Ghanaian ambassador to Egypt
- In office 1980–1981
- Nominated by: Hilla Limann
- Preceded by: Philemon Frank Quaye
- Succeeded by: George Odartey Lamptey

Personal details
- Born: 26 February 1934 (age 92) Accra, Gold Coast
- Citizenship: Ghana
- Party: National Alliance of Liberals
- Spouse: Esther Nunoo
- Alma mater: Accra Academy; University of Ghana;
- Occupation: politician
- Profession: Lawyer and Diplomat

= George Adjei Osekre =

Ghanaian lawyer and politician

George Adjei Osekre (born 1934) was a Ghanaian lawyer and politician. He was a barrister-at-law, a member of parliament for the Kpeshie constituency during the second republic and Ghana's ambassador to Egypt from 1980 to 1981. He was Executive Chairman of Accra Hearts of Oak S.C. from 1971 to 1975.

==Early life and education==
George was born on 26 February 1934 in Accra, Greater Accra Region, Ghana (then Gold Coast).

He had his early education at Accra Bishop's Boys School. He continued at the Accra Academy where he received his Cambridge School Certificate in 1953. He entered the University of Ghana in 1960, where received his Bachelor of Laws degree in 1966. He was called to the bar that same year.

==Career and politics==
After his tertiary education, Osekre was posted to the Lands Department as State Attorney. He remained State Attorney prior to entering politics.

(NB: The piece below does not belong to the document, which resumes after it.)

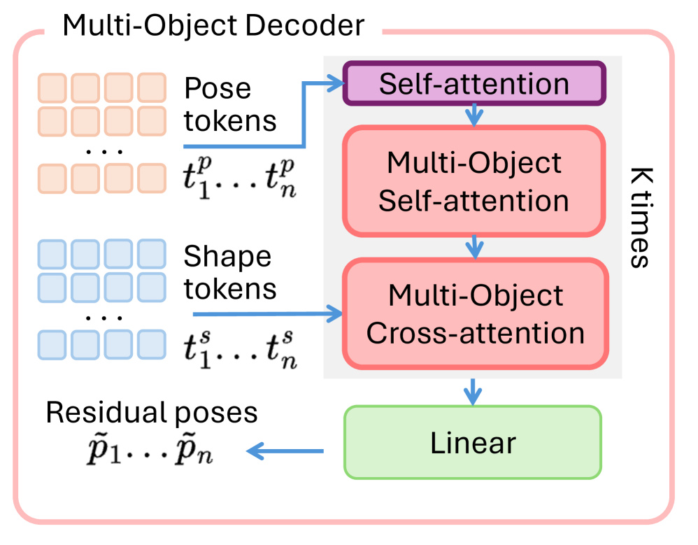 Figure 4: Multi-Object Decoder. We inform pose tokens on scene-level context by using KK blocks including multi-object self-attentions and cross-attention. We use pose and shape information from all objects to obtain residual pose correcting factors.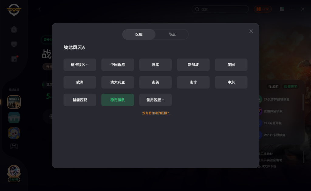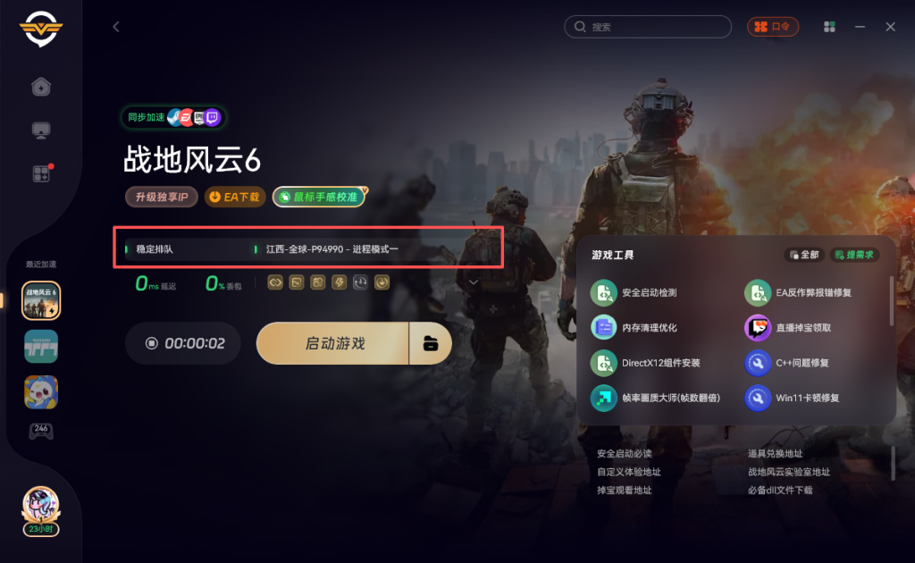 出现排队进不去、时间长、掉线一般是网络问题导致的,奇游优化了专门的线路,打开奇游,加速《战地风云6》稳定排队节点可以大幅降低排队时间

In 1969, at the inception of the second republic he contested for the Kpeshie seat and was elected to represent the Kpeshie constituency in parliament on the ticket of the National Alliance of Liberals. He contested with Peter Ala Adjetey then of the United Nationalist Party and E. M. A. Ablorh of the Progress Party. While in parliament, he was appointed shadow minister for transport and communications. He worked in these capacities until 1972 when the Busia government was overthrown.
He resumed private practice after the coup at Osekre and Ofei Company, a law firm he founded with his National Alliance of Liberals colleague at parliament; Jonathan Tetteh Ofei on 11 February 1971.

In 1980 he was appointed Ghana's ambassador to Egypt. He served in this capacity until 1981 when the Limann government was overthrown.

== Personal life ==

While at the University of Ghana, Osekre captained the Akuafo Hall football team. He was chairman of the Accra Hearts of Oak S.C. from 1971 to 1975. He also served as director of the club and patron of the club's boxing syndicate.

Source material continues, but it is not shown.